## [EXTRACTED RECORDS]

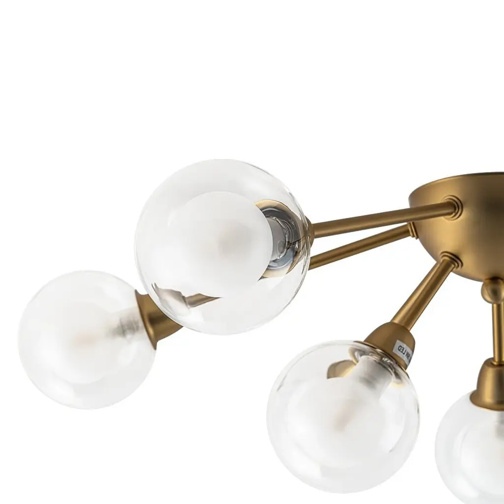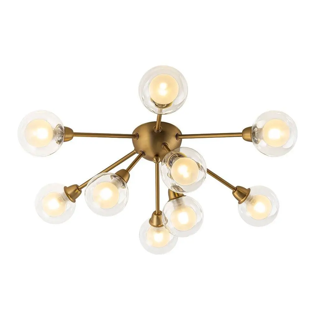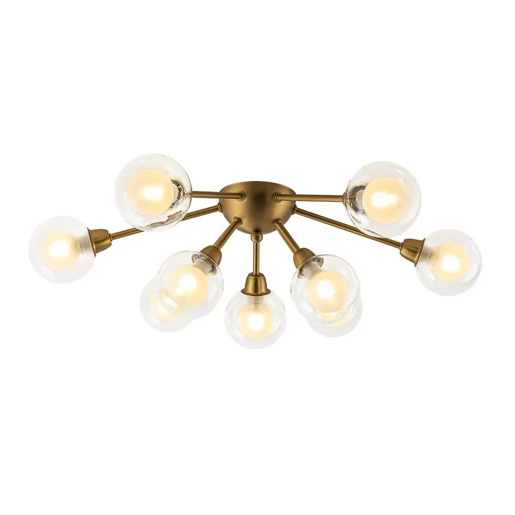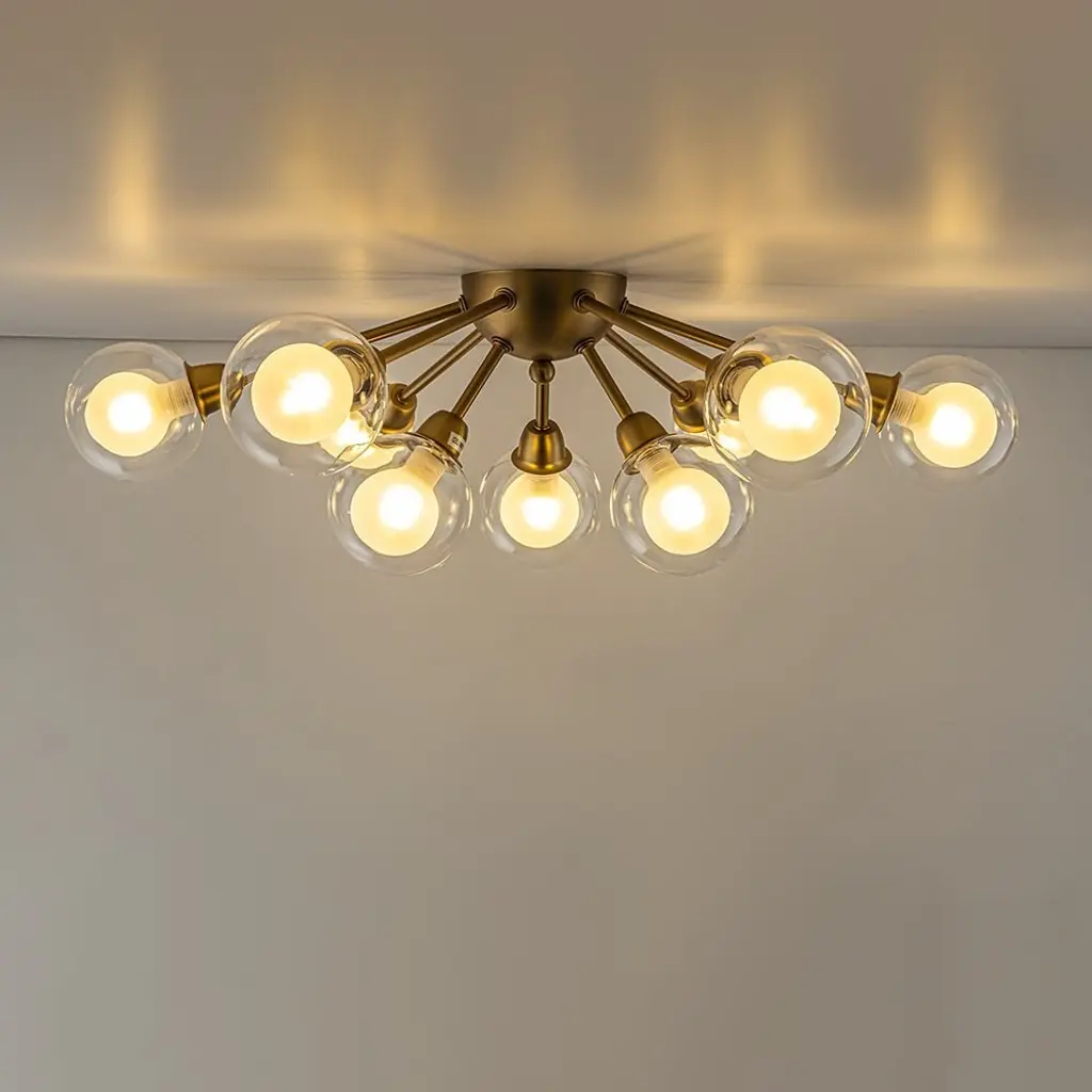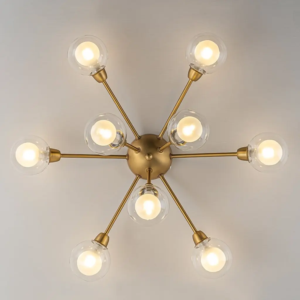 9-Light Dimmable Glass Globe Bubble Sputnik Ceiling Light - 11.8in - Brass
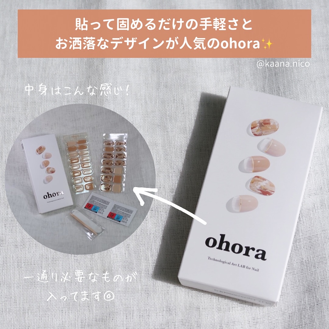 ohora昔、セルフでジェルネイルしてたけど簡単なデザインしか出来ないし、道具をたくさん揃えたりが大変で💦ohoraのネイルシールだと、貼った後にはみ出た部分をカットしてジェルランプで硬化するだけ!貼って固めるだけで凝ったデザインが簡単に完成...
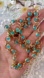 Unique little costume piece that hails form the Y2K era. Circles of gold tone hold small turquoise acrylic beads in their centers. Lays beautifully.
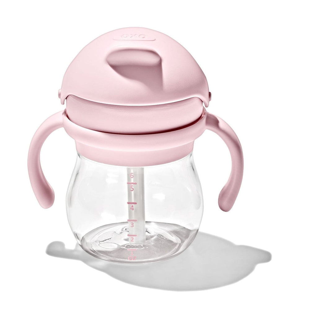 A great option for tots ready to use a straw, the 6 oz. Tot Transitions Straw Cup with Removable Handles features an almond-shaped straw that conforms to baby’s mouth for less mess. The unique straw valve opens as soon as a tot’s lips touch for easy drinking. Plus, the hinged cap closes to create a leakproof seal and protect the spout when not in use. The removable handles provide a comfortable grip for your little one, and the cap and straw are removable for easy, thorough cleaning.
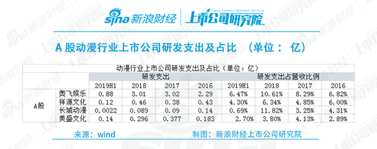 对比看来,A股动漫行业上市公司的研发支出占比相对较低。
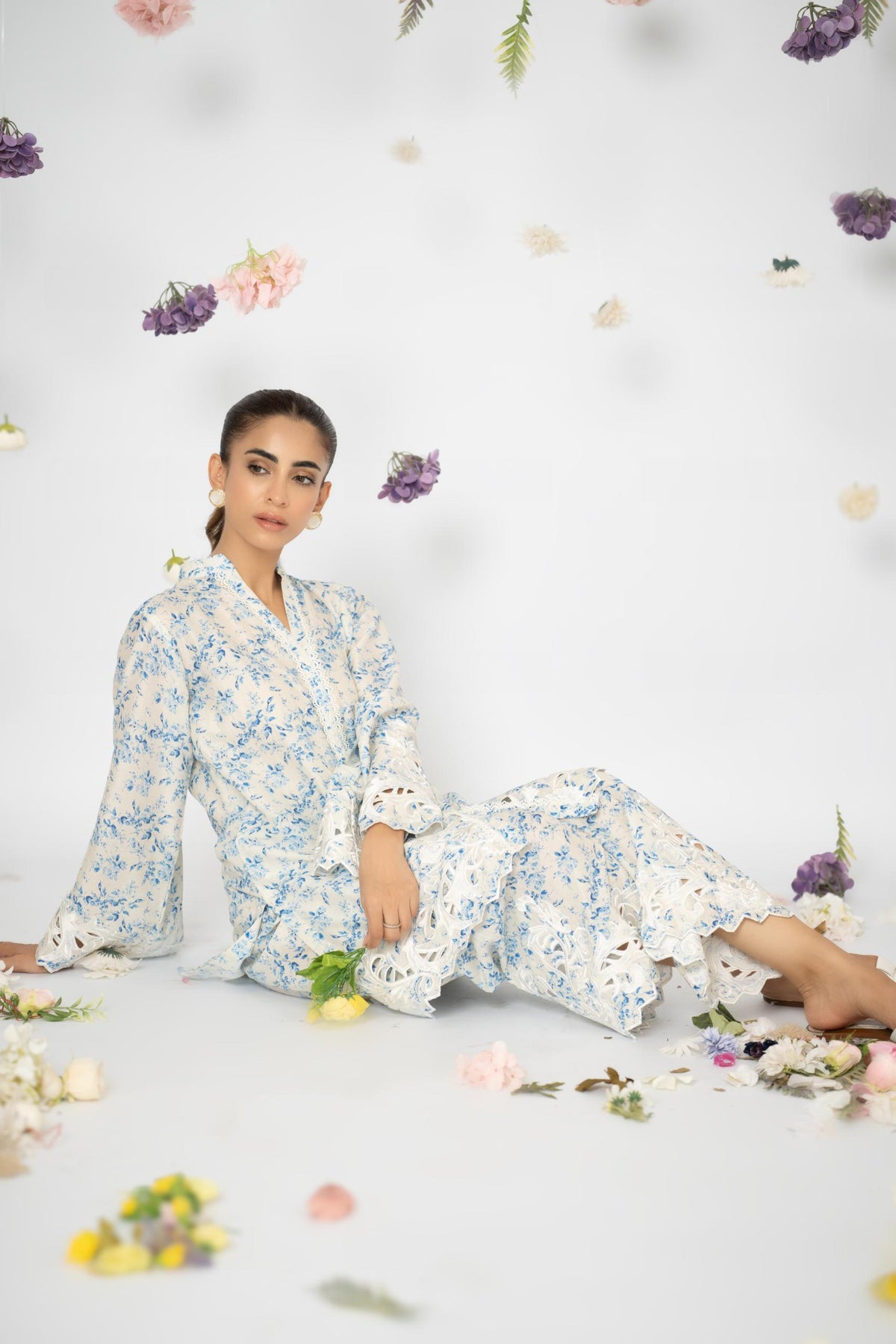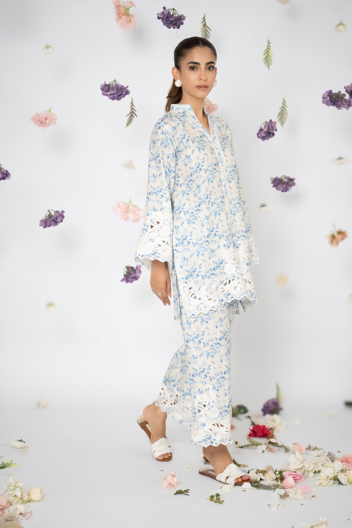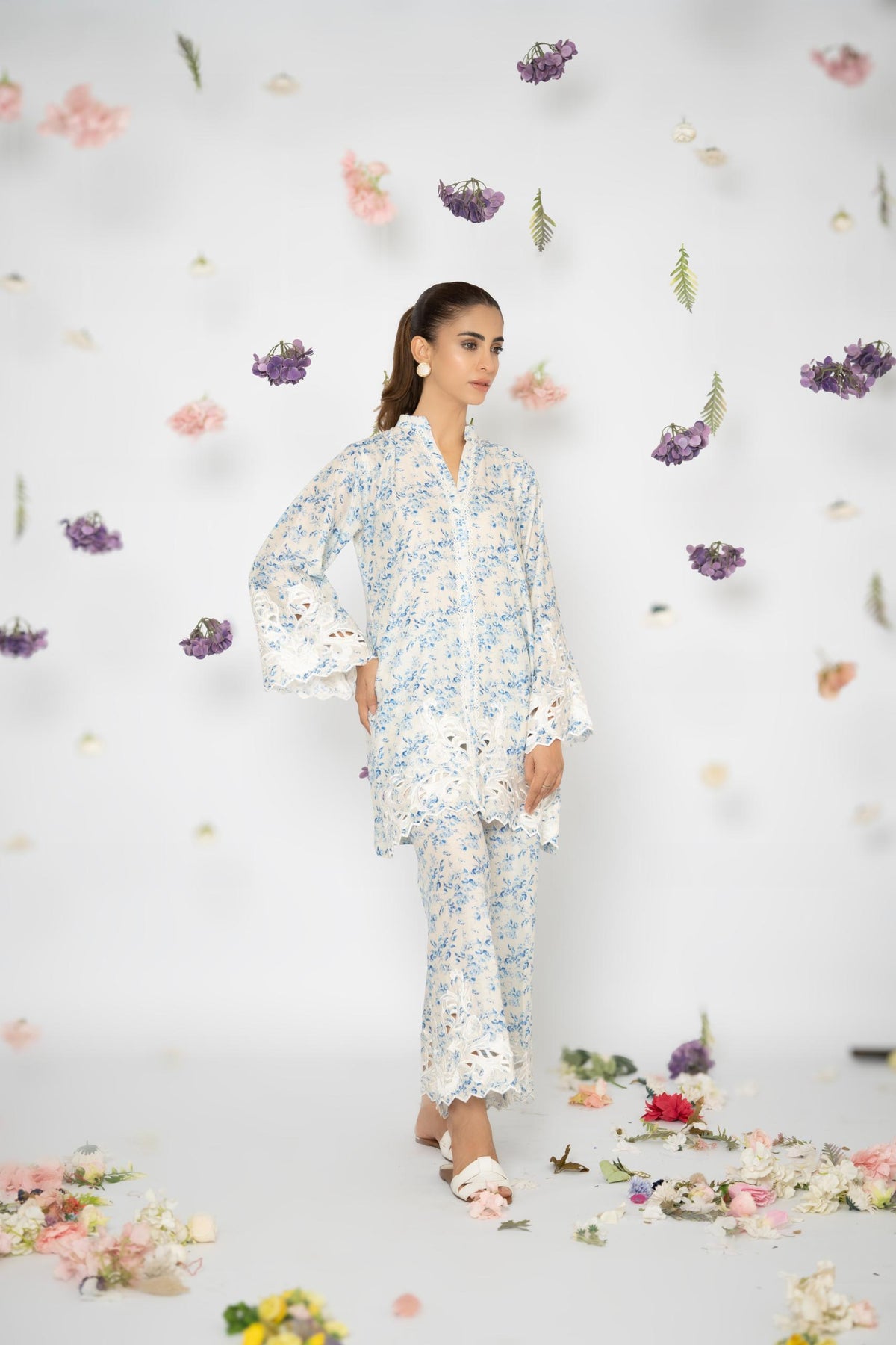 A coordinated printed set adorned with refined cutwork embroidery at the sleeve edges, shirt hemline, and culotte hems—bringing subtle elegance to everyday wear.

## [TASK GOAL]
Write out the lines of the listing from the one that holds "对比看来,A股动漫行业上市公司的研发支出占比相对较低。" to the very last line, both included, exactly as they appear and without any pictures.

## [RESPONSE BOX]
 对比看来,A股动漫行业上市公司的研发支出占比相对较低。
 A coordinated printed set adorned with refined cutwork embroidery at the sleeve edges, shirt hemline, and culotte hems—bringing subtle elegance to everyday wear.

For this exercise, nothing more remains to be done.